The following commit(s) were added to refs/heads/unity by this push:
     new 5e1414275f [Cherry-Pick][BugFix][TIR] ThreadSync with shared.dyn 
awareness (#15481)
5e1414275f is described below

commit 5e1414275f7cd51877cdc18334440d8cc7a580e3
Author: Junru Shao <[email protected]>
AuthorDate: Thu Aug 3 21:05:35 2023 -0700

    [Cherry-Pick][BugFix][TIR] ThreadSync with shared.dyn awareness (#15481)
    
    Cherry-picked from #15478.
    
    This PR fixes an issue of the ThreadSync pass.
    
    Prior to this PR, the pass is not aware of `shared.dyn` scope whose
    users all share a same shared memory space.
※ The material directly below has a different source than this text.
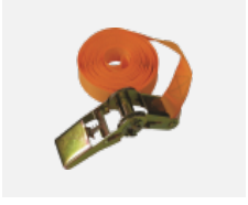
108-0004 Spanngurt für die Rundleuchten INDI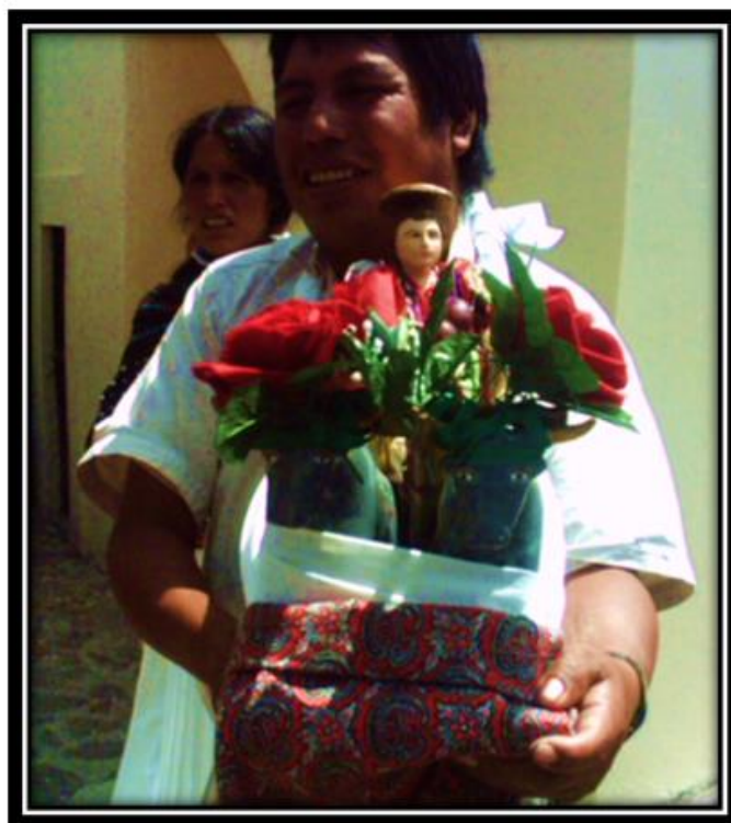
Imagen 9. San Isidro Labrador.

Vemos en estas breves citas porqué es tan relevante el culto a San Isidro pues evidencia la cosmovisión sobre la importancia que la naturaleza tiene para los ñaño y donde nos muestra una posición ética sobre el cuidado ambiental, expresado en la sacralidad que los ñaño otorgan a los objetos de la naturaleza, incluyendo los árboles, la luna, la tierra etc. Este culto a la naturaleza, y a los elementos que de ella emanan son vistos y ejercidos como un fenómeno ritual, el culto al pino Cuecux al que a su vez se le relaciona con Octontecutli según Carrasco y a la luna asociada a la Madre Vieja y Xochiquetzal, “dios de la curiosidad.-, Dios-jorobado” (Pedro, Carrasco:1979,157) asociado este último al dios del fuego.

This feature is not
    necessarily already revealed in the IR at the time of applying
    ThreadSync. This means that when applying ThreadSync, in the IR,
    each buffer of `shared.dyn` scope still uses its own data Var,
    and ThreadSync is thus unable to detect the conflict properly and
    insert the sync instructions properly.
    
    This PR explicitly makes ThreadSync be aware of the `shared.dyn` scope,
    and redirect all the access vars of `shared.dyn` memory to a common var,
    so that ThreadSync analysis can find out the conflict and insert the
    sync instructions.
    
    Co-authored-by: Ruihang Lai <[email protected]>
---
 src/tir/transforms/thread_storage_sync.cc          | 18 +++++++++-
 .../unittest/test_tir_transform_thread_sync.py     | 42 ++++++++++++++++++++++
 2 files changed, 59 insertions(+), 1 deletion(-)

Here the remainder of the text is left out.